Well thank you Brion, at least that may explains why things are imposed to the editors community and that also explains the high rejection rate from the editors community of the new big features such as VE. For once take time, think about editors workflow.
For exemple on french wikipedia we used to have a direct link to Wikimedia Commons (we technically removed the description page proxy), now we have totally lost this feature. So yes you may think it's not important, but as an administrator on Wikimedia Commons it screws my workflow when I see an obvious copyvio on the French Wikipedia.
So yes you make software for your users, but I think you're underestimating part of your users that you should not.
2014-07-10 18:36 GMT+02:00 Isarra Yos zhorishna@gmail.com:
On 10/07/14 15:53, Brion Vibber wrote:
Perhaps it's time to stop calling self-selected surveys of a tiny subset of our user base "community consensus".
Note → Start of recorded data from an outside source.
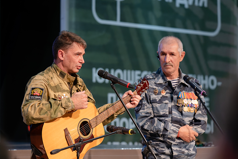 Завершился фестиваль там, где и стартовал — в ДК «Новоуральский». Здесь ребята имели возможность пообщаться с реальными героями — участниками СВО — и принять участие в плетении маскировочных сетей.
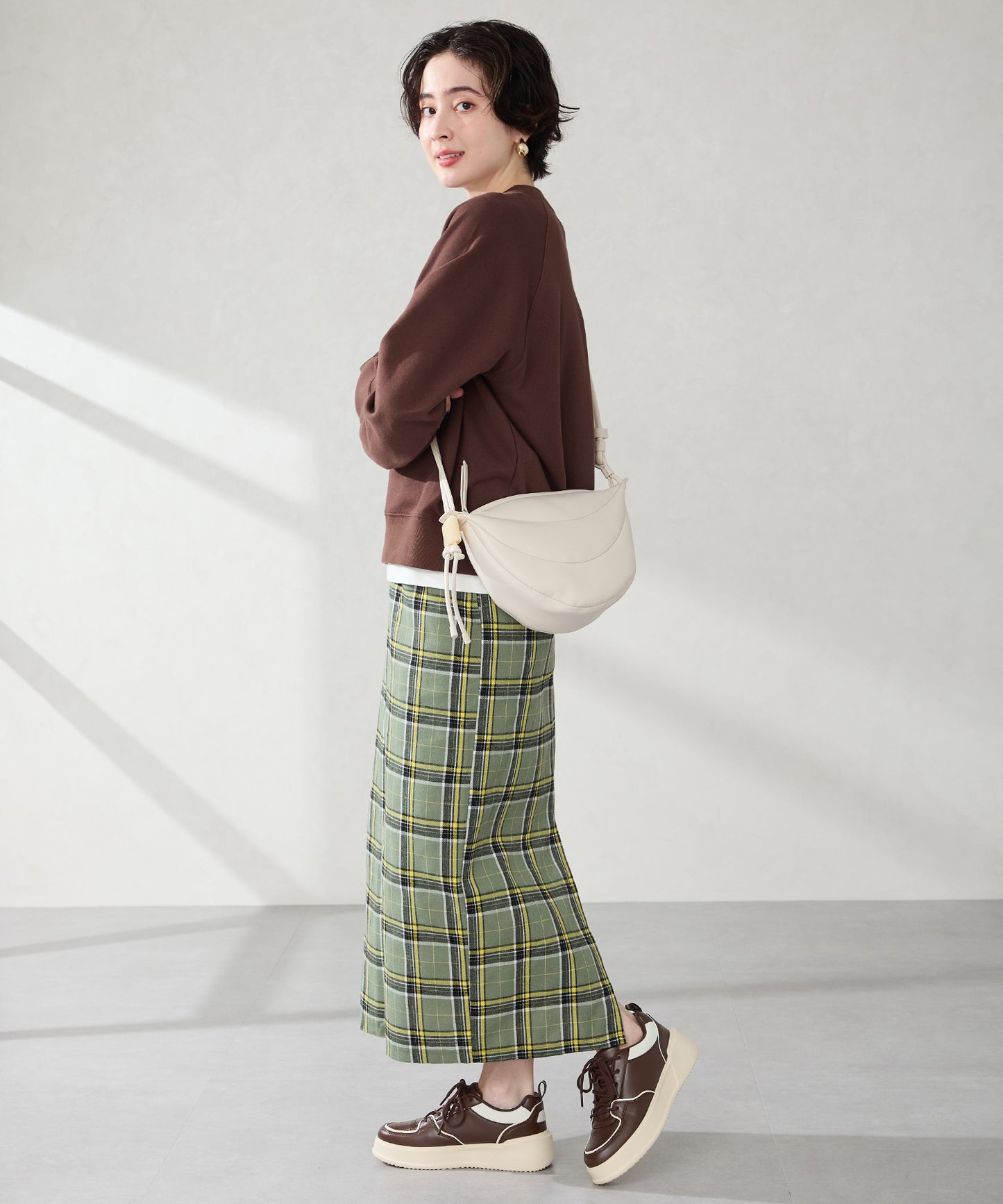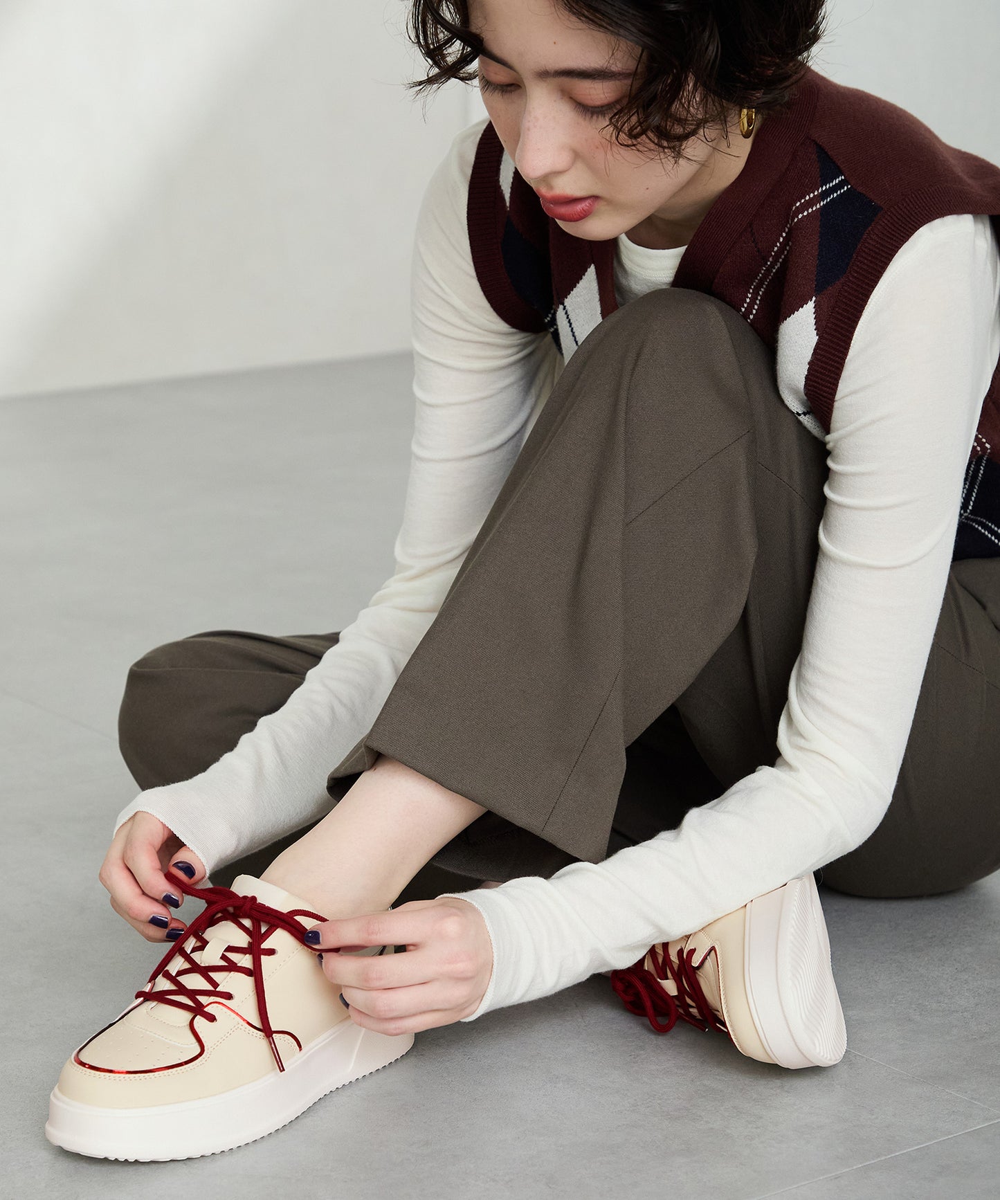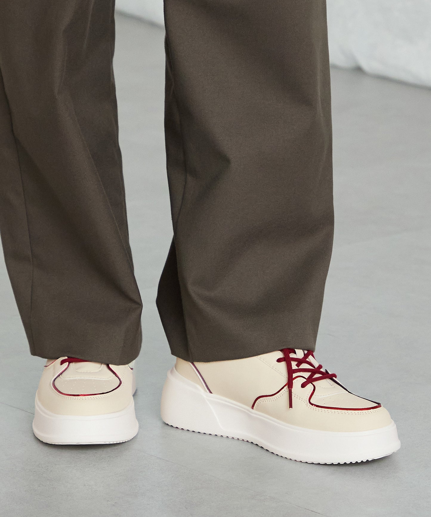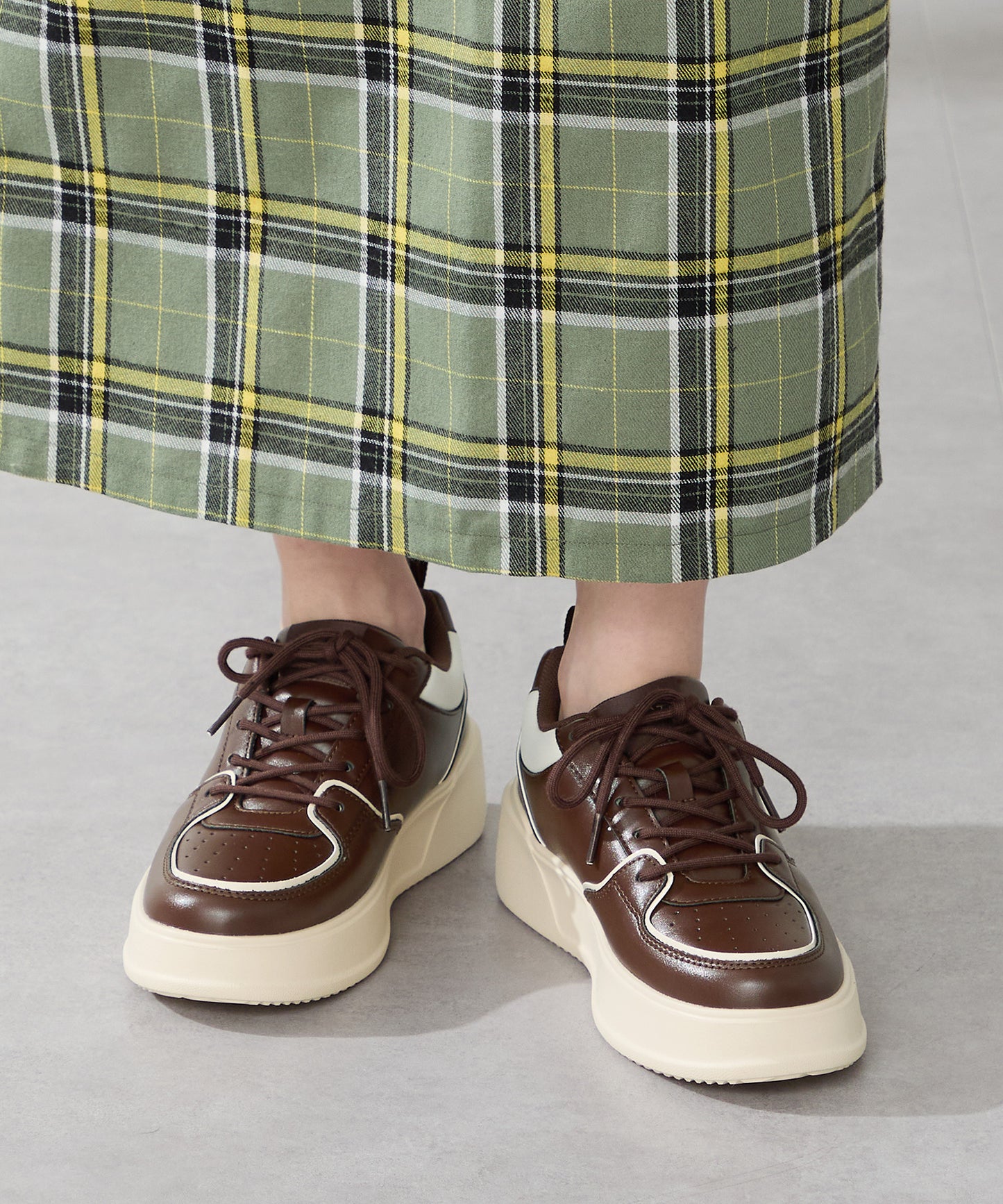 厚みのあるコートソールとパンチングデザインの組み合わせが今っぽいカジュアルなスニーカーは、厚底ながらもすっきりとしたソールで女性らしい柔らかい雰囲気を纏った仕上がりに。さりげないバイカラーのデザインが可愛いブラックとレッド、ワントーンでまとめることでコーデを選ばす履けるホワイト、新色のブラウンの豊富な選べる4色展開。
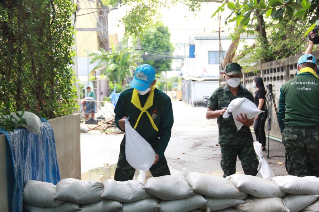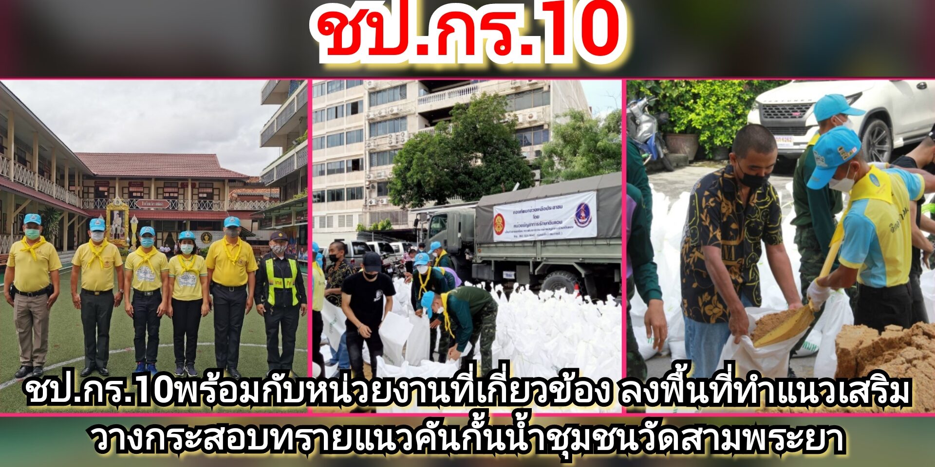 เมื่อวันที่ (7ต.ค.65) ผ่านมา เวลา 09:30 น. ชป.กร.10 ร่วมกับ ป.1พัน.1.รอ. สนง.เขตพระนคร และ จิตอาสา904 ลงพื้นที่ ทำแนวเสริมวางกระสอบทรายคันกั้นน้ำ บริเวณชุมชุมวัดสามพระยา สามเสนซอย3 เขตพระนคร กทม.
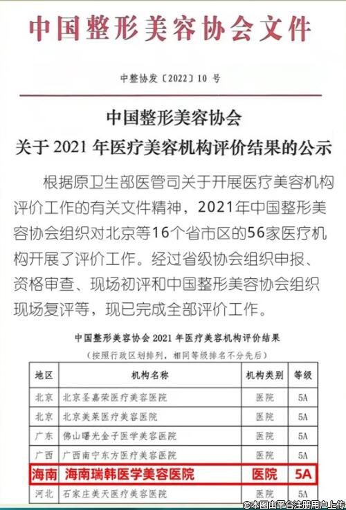 很荣幸,2021年海南瑞韩医疗美容就荣获5A级机构的评定结果!
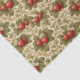 A charming vintage-inspired repeating pattern that celebrates ripe strawberries entwined with graceful botanical scrollwork. Lush red berries with delicate white blossoms nestle among richly detailed green leaves and curling vines, set against a warm cream background dotted with subtle speckles. The flowing composition and ornate foliage evoke classic European wallpaper and Arts & Crafts–era illustration, giving the design a timeless, storybook quality.
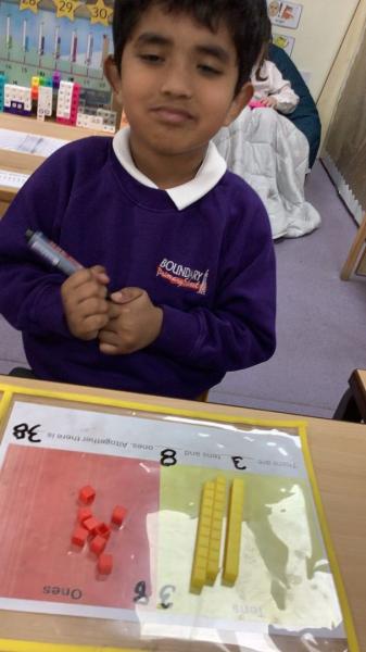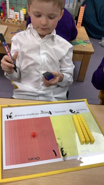 This week, in maths we used base 10 to understand place value of tens and ones within 2-digit numbers. We used the stem sentence ‘there are ___ tens and ___ ones. Altogether there is___. We looked at how tens are grouped to understand the place value.
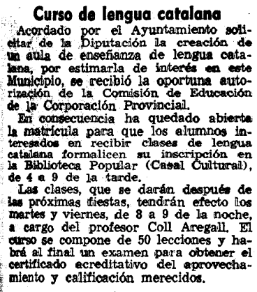 La Vanguardia, anunciaba en 1967 Cursos de catalán durante el franquismo. ¿Les pilló de baja el censor? Iker Jiménez plantea dedicarle un programa entero a este fenómeno en Cuarto Milenio.
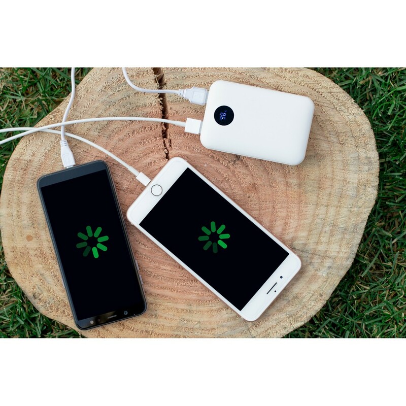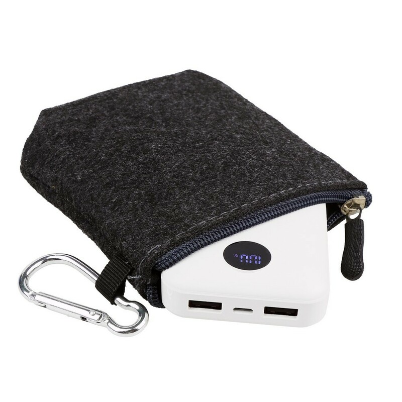 Power bank Air Gifts 10000 mAh, może zmieścić się w kieszeni czy większości przegródek w plecaku, posiada cyfrowy wyświetlacz poziomu naładowania, wejścia 5V/2A: USB-C oraz micro USB, 2 wyjścia USB (max. 5V/2A), możliwość ładowania dwóch urządzeń jednocześnie, w komplecie kabel USB-C oraz filcowe etui z karabińczykiem umożliwiającym przypinanie, produkt wykonany z ABS i filcu
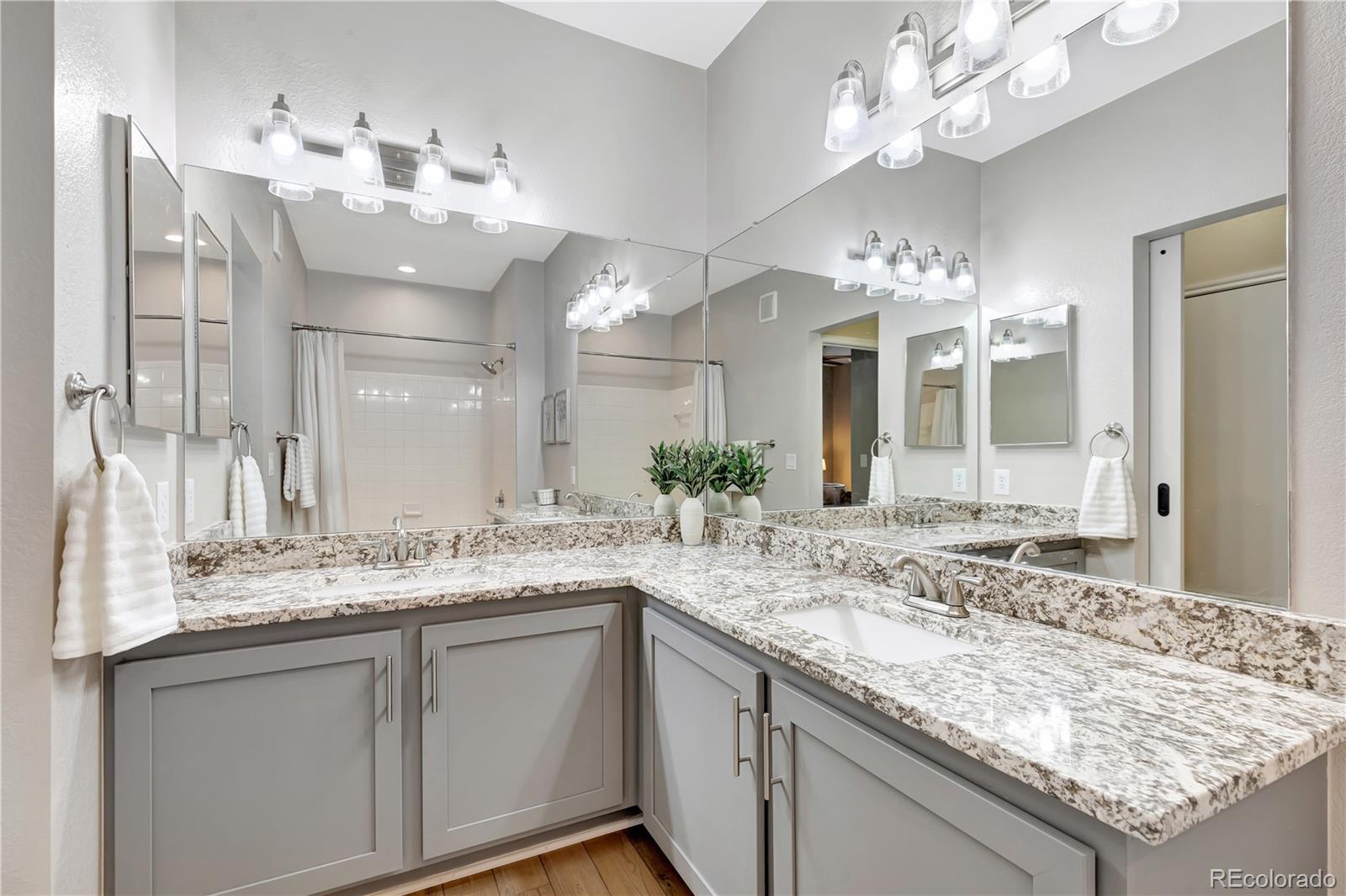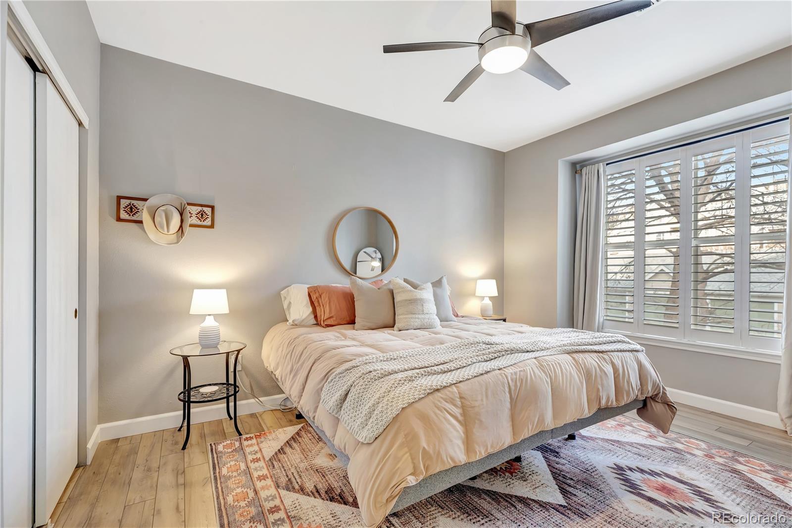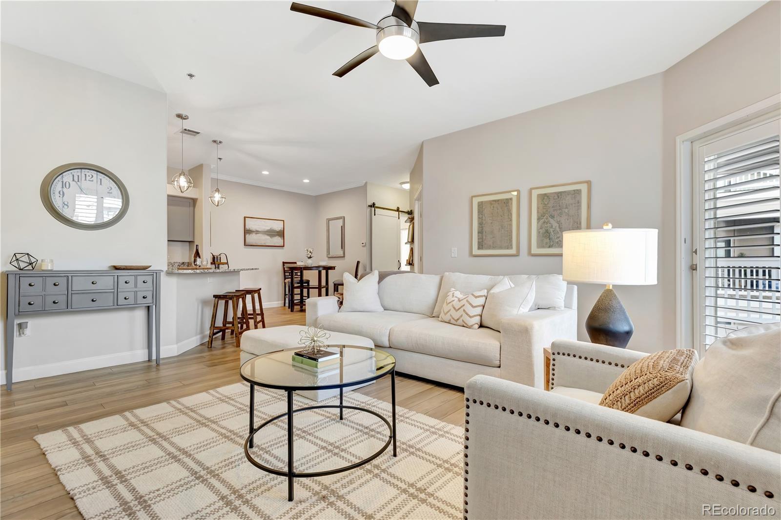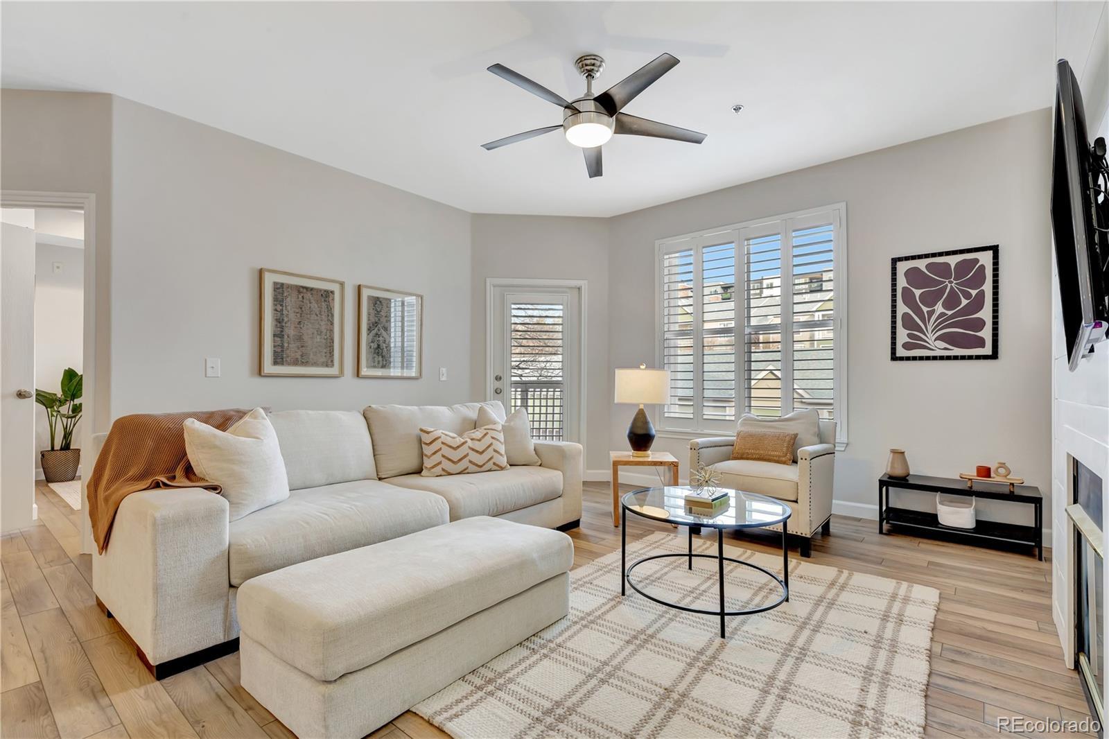 This beautifully remodeled second-floor condo offers turnkey living with intentional, designer-quality finishes. The open concept kitchen features granite slab countertops, stainless steel appliances, and modern pendant lights above the breakfast bar. The home has newer vinyl plank flooring, updated baseboards, upgraded lighting, and refreshed paint. The living room centers around a cozy gas fireplace with a shiplap accent wall, which is designed to pair perfectly with the home’s custom Hunter Douglas Hybrid Shutters. Installed throughout the home, the shutters feature louvers for light filtering and hinged panels for maximum light and privacy control. Down the hall, a custom sliding door opens to a generously sized bathroom with dual sinks, expansive granite countertops, and stainless steel fixtures. The large primary bedroom is positioned away from the living area for privacy and features a walk-in closet, while double doors open to a light-filled second bedroom overlooking the balcony. Every detail was considered in the remodel. Even the elements you feel rather than see, such as soft-close cabinetry, reflect the care given to the updates. Additional highlights include in-unit laundry and a deeded one-car garage located just outside the unit with built-in rear shelving for additional storage. The proactive HOA has recently completed extensive exterior improvements including a new roof, gutters, and fresh exterior paint. Conveniently located with easy access to I-25 and nearby shopping, dining, and entertainment, units of this quality are rarely available. Welcome home.

The vast majority of our user base never logs in, never edits, and never even hears about these RfC pages. Those are the people we're making an encyclopedia for.
-- brion
And those who do log in, edit, and comment on RfCs generally do so with the understanding, on some level, that everything they do, that the entire encyclopedia, is for the readers, because without an audience there would be nothing. They know their audience, they interact directly with this audience on the talkpages and in email, and indeed they often use the site exactly as this audience would, simply taking things a step further to edit as well.
So when they speak for the users who never log in, never edit, and never comment, do not discount them. No more than you discount yourself when you try to speak for the users who never log in, never edit, and never comment.